Weisberg, H. I., Hayden, V. C., & Pontes, V. P. (2009). Selection criteria and generalizability within the counterfactual framework: Explaining the paradox of antidepressant-induced suicidality? Clinical Trials (London, England), 6(2), 109–118.

  • BACKGROUND: Although the superior internal validity of the randomized clinical trial (RCT) is invaluable to establish causality, generalizability is far from guaranteed. In particular, strict selection criteria intended to maximize treatment efficacy and safety can impair external validity. This problem is widely acknowledged in principle but sometimes ignored in practice, with considerable consequences for treatment options.
  • PURPOSE: We demonstrate how selection of patients for an RCT can bias the results when the treatment effect varies across individuals. Indeed, not only the magnitude, but even the direction of the causal effect found in an RCT can differ from the causal effect in the target population.
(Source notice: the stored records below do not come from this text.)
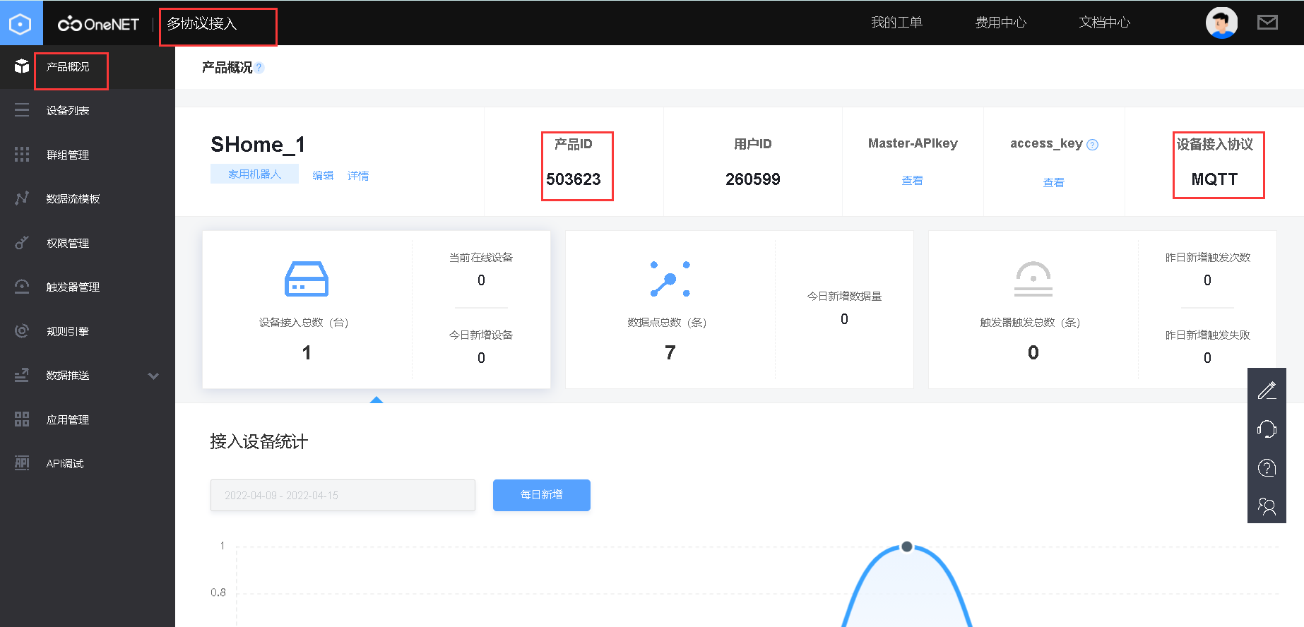 第二步:旧版的接入地址以及端口都和新版的不一样,这个可以看看OneNet平台的文档中心的文档说明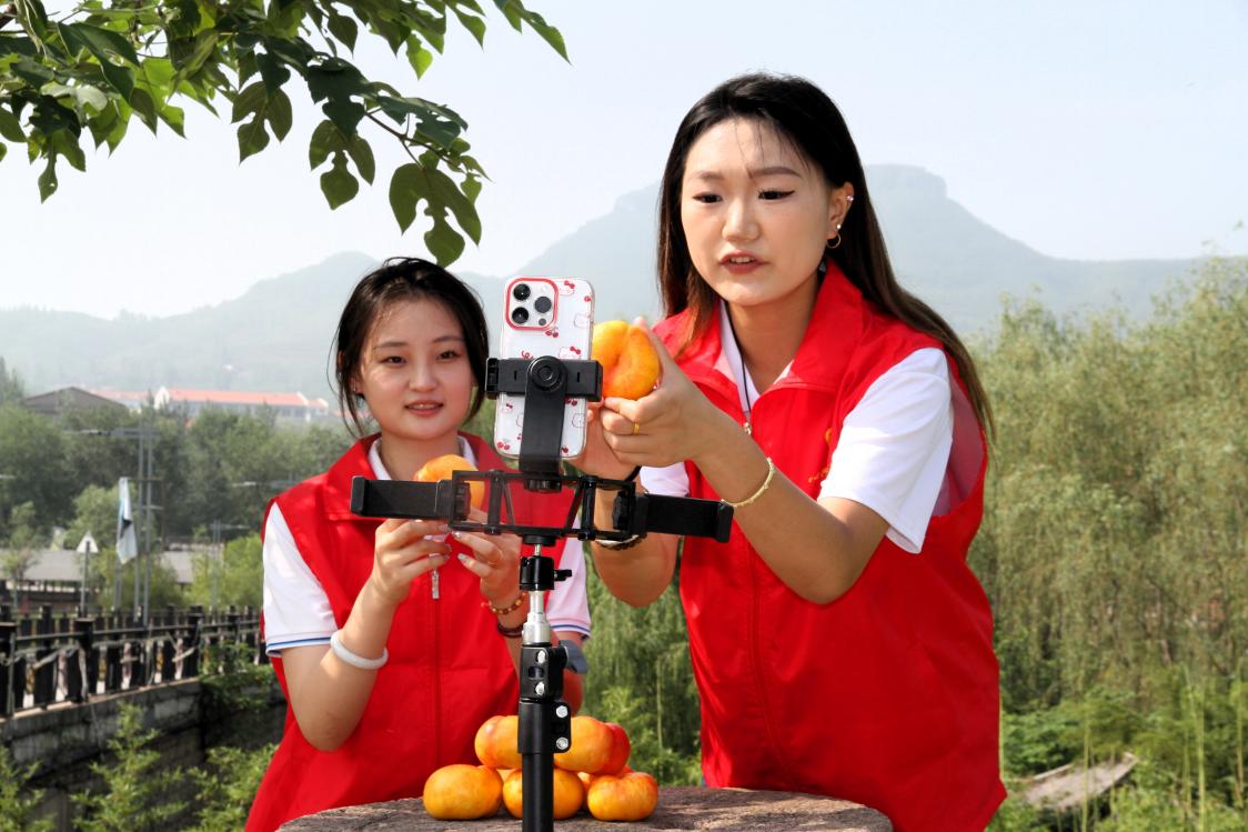 e心兴农服务队正在田间地头开设直播间推广蒙阴蜜桃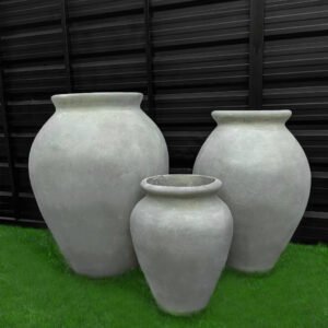 Ideal para plantas de gran porte, ramas secas o incluso como objeto decorativo independiente, la Tinaja se adapta tanto a exteriores rústicos como a interiores sobrios y elegantes. Su diseño atemporal resalta por su capacidad de equilibrar volumen y armonía, integrándose con naturalidad a entornos clásicos o contemporáneos.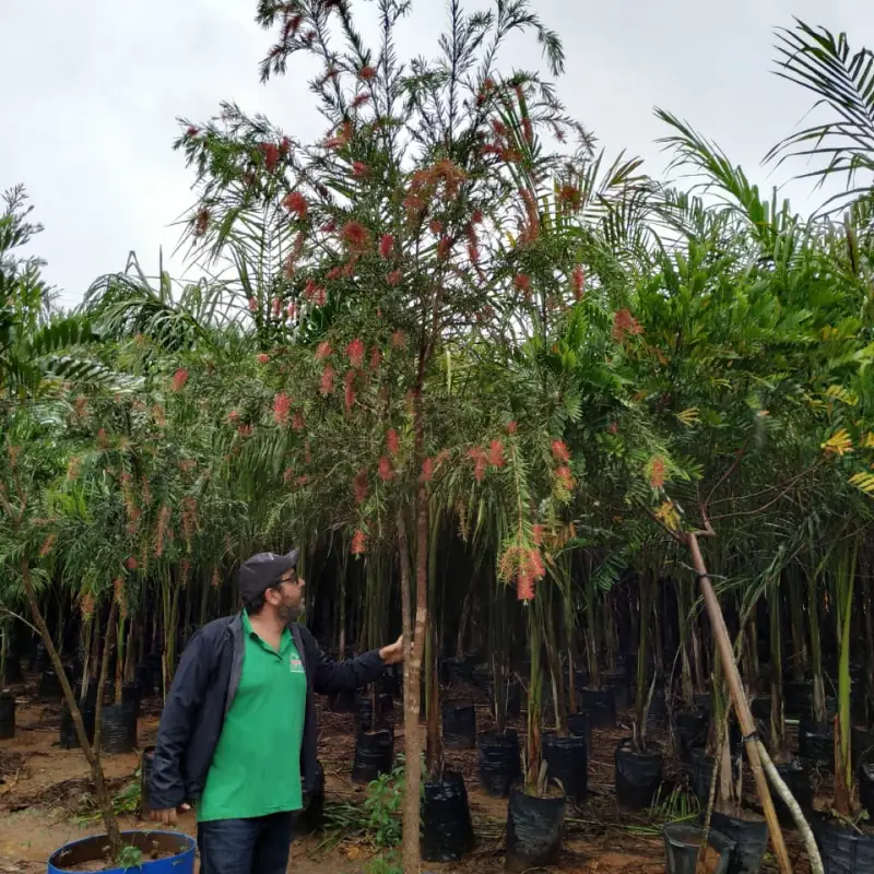 A Calistemu, popularmente conhecida como escova-de-garrafa, é um arbusto ou árvore de porte médio (3 a 5 m de altura), com copa arredondada e folhas perenes, lanceoladas e aromáticas. As flores são agrupadas em inflorescências cilíndricas vermelhas vibrantes, que lembram escovas – verdadeiros atrativos visuais. Ideal para paisagismo, atração de beija-flores e recuperação de áreas degradadas. Prefere clima tropical e subtropical, solo bem drenado, levemente ácido a neutro. Adaptada a condições urbanas e rurais, resiste bem a sol pleno e pode ser replantada adulta diretamente no local definitivo.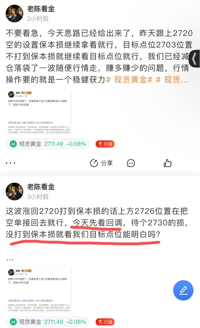 让你们不要着急,昨天我们空单都还没走完就着急忙慌的去进多?虽然多头最近很强但是走到高点肯定会有回调啊,急什么呢。跟上2720空的继续看目标点位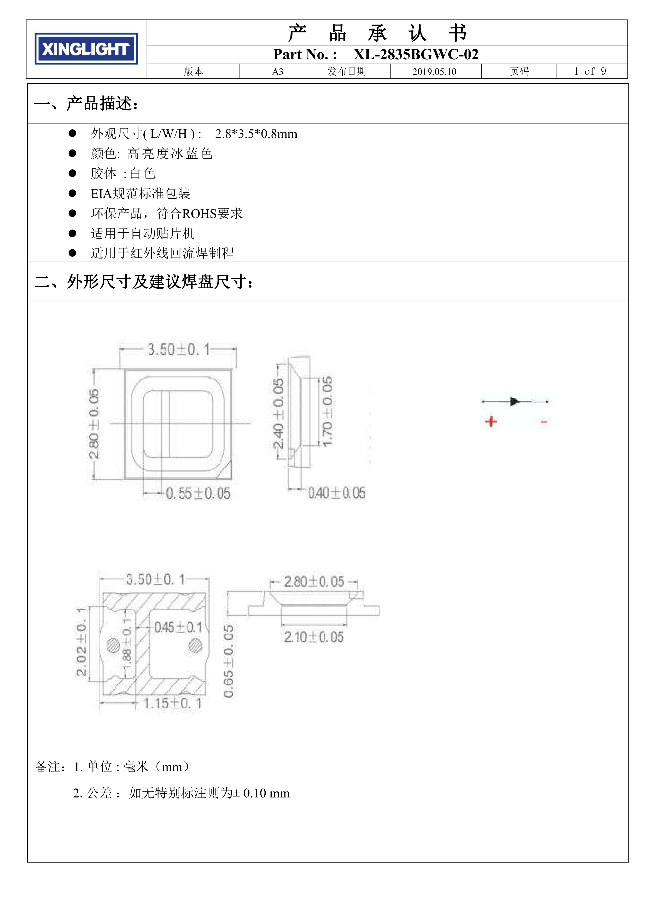 XL-2835BGWC-02数据手册SMD2.8x3.5x0.8mm封装XINGLIGHT(成兴光)
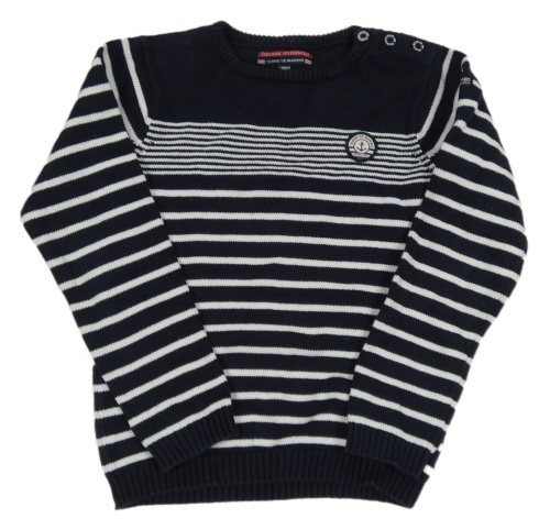 Tmavomodro-biely pruhovaný sveter s nášivkou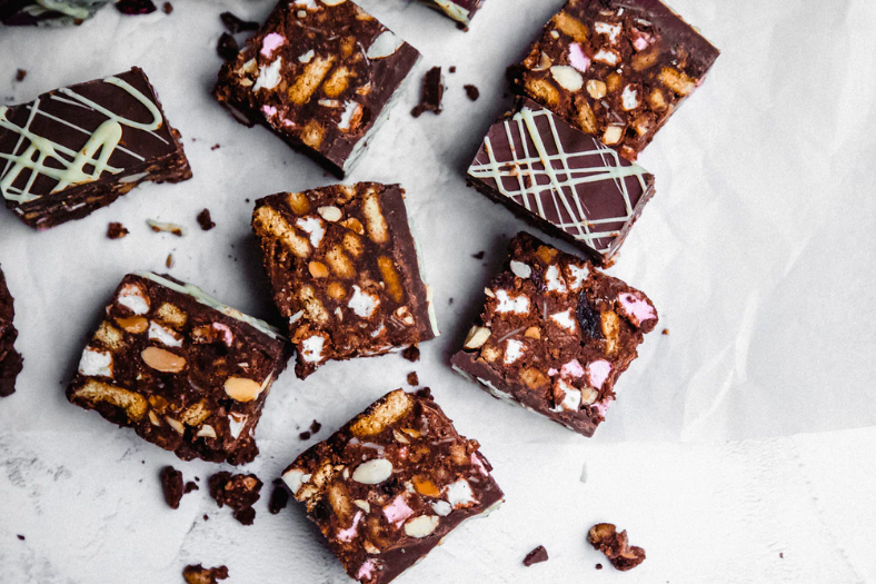 Line a 20cm square tin with parchment paper and pour the mixture in, using the back of a spoon smooth out the mixture, then drizzle the melted white chocolate over the top to decorate.

  • METHODS: A counterfactual model is developed to represent the selection process explicitly. This simple extension of the standard counterfactual model is used to explore the implications of restrictive exclusion criteria intended to eliminate high-risk individuals. The counterintuitive findings of a recent FDA meta-analysis of suicidality in pediatric populations treated with antidepressant medications are interpreted in the light of this counterfactual model.
  • RESULTS: When the causal effect of an intervention can vary across individuals, the potential for selection bias (in the sense of a threat to external validity) can be serious. In particular, we demonstrate that the stricter the inclusion/exclusion criteria the greater the potential inflation of relative risk. A critical factor in determining bias is the extent to which individuals with differing types of causal effects can be distinguished prior to sampling. Furthermore, we propose methods that can sometimes be useful to identify the existence of bias in an actual study. When applied to the FDA meta-analysis of pediatric suicidality in RCTs of modern antidepressant medications, these methods suggest that the elevated risk observed may be an artifact of selection bias.
  • LIMITATIONS: Real-life scenarios are generally more complex than the counterfactual model presented here. Future modeling efforts are needed to refine and extend our approach.
  • CONCLUSIONS: When variation of treatment effects across individuals is plausible, lack of generalizability should be a serious concern. Therefore, external validity of RCTs needs to be carefully considered in the design of an RCT and the interpretation of its results, especially when the study can influence regulatory decisions about drug safety. RCTs should not automatically be considered definitive, especially when their results conflict with those of observational studies. Whenever possible, empirical evidence of bias resulting from sample selection should be obtained and taken into account.